Users can also include specific additional fields using the --include-fields flag and specifying a list of fields, e.g., --include-fields=flags,resolver. Additional fields are: class, protocol, ttl, resolver, flags.

Name Server Mode

By default ZDNS expects to receive a list of names to lookup on a small number of name servers. For example:

echo "google.com" | ./zdns A --name-servers=8.8.8.8,8.8.4.4

However, there are times where you instead want to lookup the same name across a large number of servers. This can be accomplished using name server mode. For example:

echo "8.8.8.8" | ./zdns A --name-server-mode --override-name="google.com"

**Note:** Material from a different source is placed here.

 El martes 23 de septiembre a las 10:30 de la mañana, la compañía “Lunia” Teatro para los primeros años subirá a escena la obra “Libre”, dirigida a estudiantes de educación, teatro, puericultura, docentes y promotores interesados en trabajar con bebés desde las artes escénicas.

Here, every line piped in ZDNS is sent an A query for google.com. ZDNS also supports mixing and matching both modes by piping in a comma-delimited list of name,nameServer. For example:

echo "google.com,8.8.8.8" | ./zdns A will send an A query for google.com to 8.8.8.8 regardless of what name servers are specified by --name-servers= flag. Lines that do not explicitly specify a name server will use the servers specified by the OS or --name-servers flag as would normally happen.

Querying all Nameservers

There is a feature available to perform a certain DNS query against all nameservers. For example, you might want to get the A records from all nameservers of a certain domain. To do so, you can do:

echo "google.com" | ./zdns A --all-nameservers

Multiple Lookup Modules

ZDNS supports using multiple lookup modules in a single invocation. For example, let's say you want to perform an A, AAAA, and MXLOOKUP for a set of domains and you want to perform them with iterative resolution. You will need to use the MULTIPLE module and provide a config file with the modules and module-specific flags you want to use.

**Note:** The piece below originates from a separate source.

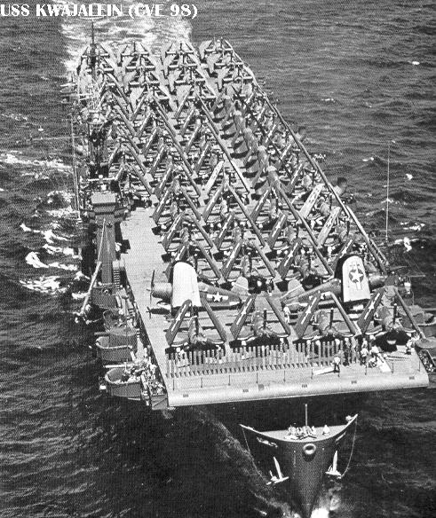 Served as a transport in the Pacific, then as a combat carrier for Okinawa and Iwo Jima.

Please see ./zdns --help and ./zdns <MODULE_NAME> --help for Global and Module-specific options that can be used in the config file.

For example:

cat 1000k_domains.txt | ./zdns MULTIPLE --multi-config-file="./multiple.ini"

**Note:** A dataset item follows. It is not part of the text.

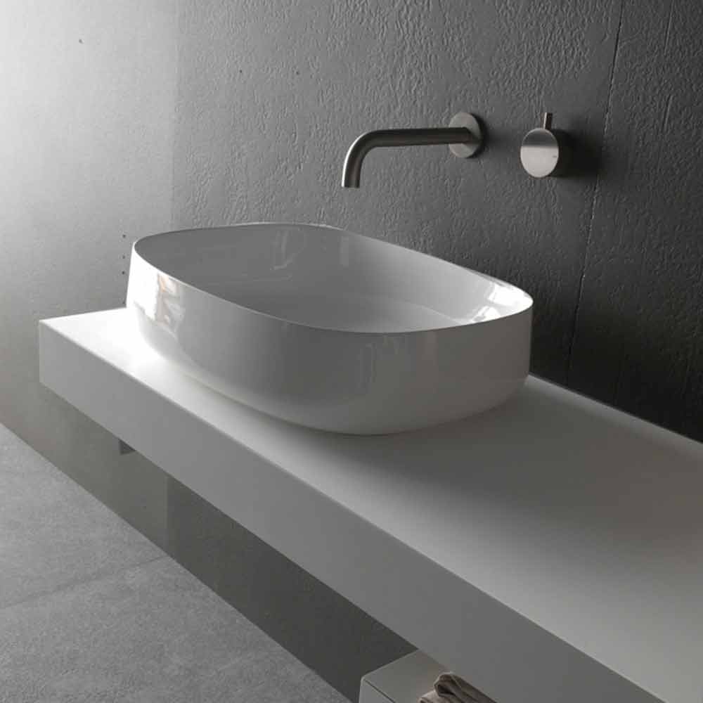 Lavabo sobre encimera moderno, diseño de cerámica blanca, made in Italy.

Where multiple.ini is a file that looks like:

; Specify Global Options here
[Application Options]
iterative=true
; List out modules and their respective module-specific options here. A module can only be listed once
[MXLOOKUP]
ipv4-lookup = true
; You can use default values and just list modules if you don't need to specify any options
[A]
[AAAA]

A sample multiple.ini file is provided in github.com/zmap/zdns/cli/multiple.ini

Running ZDNS

By default, ZDNS will operate with 1,000 light-weight go routines. If you're not careful, this will overwhelm many upstream DNS providers. We suggest that users coordinate with local network administrators before performing any scans. You can control the number of concurrent connections with the --threads and --go-processes command line arguments. Alternate name servers can be specified with --name-servers. ZDNS will rotate through these servers when making requests. We have successfully run ZDNS with tens of thousands of light-weight routines.

Unsupported Types

If zdns encounters a record type it does not support it will generate an output record with the type field set correctly and a representation of the underlying data structure in the unparsed_rr field. Do not rely on the presence or structure of this field. This field (and its existence) may change at any time as we expand support for additional record types. If you find yourself using this field, please consider submitting a pull-request adding parser support.

Benchmark for ZDNS

There is a benchmark available in benchmark/ that can be used to run ZDNS in a predictable fashion and print out some statistics about the run. This can be useful for comparing performance before and after a change to ZDNS. See more details in the benchmark README.

Contributing

If you're interested in contributing to ZDNS, see CONTRIBUTING.

Contact

License

ZDNS Copyright 2020 Regents of the University of Michigan

Licensed under the Apache License, Version 2.0 (the "License"); you may not use this file except in compliance with the License. You may obtain a copy of the License at http://www.apache.org/licenses/LICENSE-2.0

Unless required by applicable law or agreed to in writing, software distributed under the License is distributed on an "AS IS" BASIS, WITHOUT WARRANTIES OR CONDITIONS OF ANY KIND, either express or implied. See LICENSE for the specific language governing permissions and limitations under the License.